Combinatorial problems are common in many scientific fields. Scientific progress is constrained
by the fact that, even using state of the art algorithms, solving hard combinatorial
problems can take days or weeks. This is the case with the Label Switching Problem (LSP)
in the field of Bioinformatics.
In this field, prior work to solve the LSP has resulted in the program CLUMPP (CLUster
Matching and Permutation Program). CLUMPP focuses solely on the use of a sequential,
classical heuristic, and has had success in smaller low complexity problems.
By contrast this dissertation proposes the Parallel Solvers model for the acceleration of
hard combinatorial problems. This model draws on the commonalities evident in algorithms
and strategies in metaheuristics.
After investigating the effectiveness of the mechanisms apparent in the Parallel Solvers
model with regards to the LSP, the author developed DePermute, an algorithm which can be
used to solve the LSP significantly faster. Results were generated from time based testing of
simulated data, as well as data freely available on the Internet as part of various projects.

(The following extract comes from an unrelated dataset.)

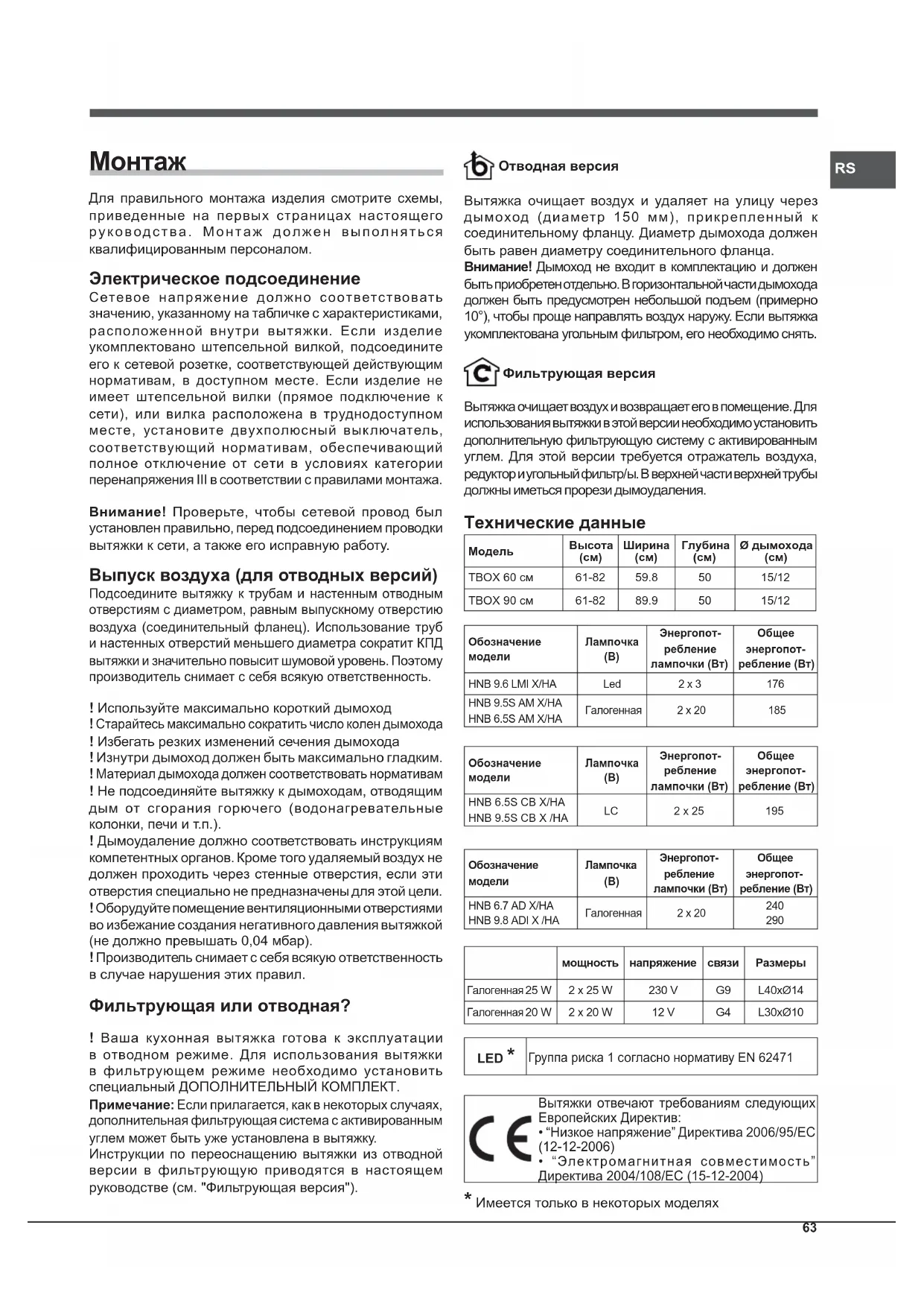 мощность напряжение связи Размеры 25 W 2 x 25 W 230 V G9 L40xØ14 20 W 2 x 20 W 12 V G4 L30xØ10 LED * Группа риска 1 согласно нормативу EN 62471 Вытяжки отвечают требованиям следующих Европейских Директив:

An investigation into the effectiveness of DePermute was carried out on a CPU (Central
Processing Unit) based computer. The time based testing was carried out on a CPU based
computer and on a Graphics Processing Unit (GPU) attached to a CPU host computer. The
dissertation also proposes the design of an Field Programmable Gate Arrays (FGPA) based
implementation of DePermute.
Using Parallel Solvers, in the DePermute algorithm, the time taken for population group
sizes, K, ranging from K = 5 to 20 was improved by up to two orders of magnitude using the
GPU implementation and aggressive settings for CLUMPP. The CPU implementation, while
slower than the GPU implementation still outperforms CLUMPP, using aggressive settings,
marginally and usually with better quality. In addition it outperforms CLUMPP by at least
an order of magnitude when CLUMPP is set to use higher quality settings.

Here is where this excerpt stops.